Your assignment: Leave every image out, and return the rest of the data word for word.

Information supplied:
[Start of section]

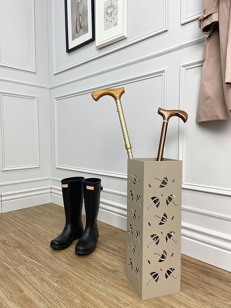 Versatile Umbrella Storage: Designed to accommodate classic umbrellas, stylish parasols, bubble umbrellas, and even walking sticks, making it a versatile addition to your entryway or foyer.
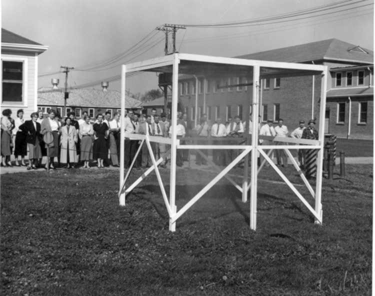 en-CA - employees watching a demonstration of a mock up sprinkler system
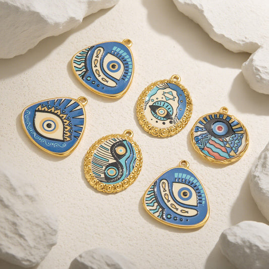 Stainless Steel Irregular Blue Heart Pendants, Enameled Flower & Eye Printed Charms, DIY Jewelry Accessories for Necklaces/Earrings

[End of section]

Result:
 Versatile Umbrella Storage: Designed to accommodate classic umbrellas, stylish parasols, bubble umbrellas, and even walking sticks, making it a versatile addition to your entryway or foyer.
 en-CA - employees watching a demonstration of a mock up sprinkler system
 Stainless Steel Irregular Blue Heart Pendants, Enameled Flower & Eye Printed Charms, DIY Jewelry Accessories for Necklaces/Earrings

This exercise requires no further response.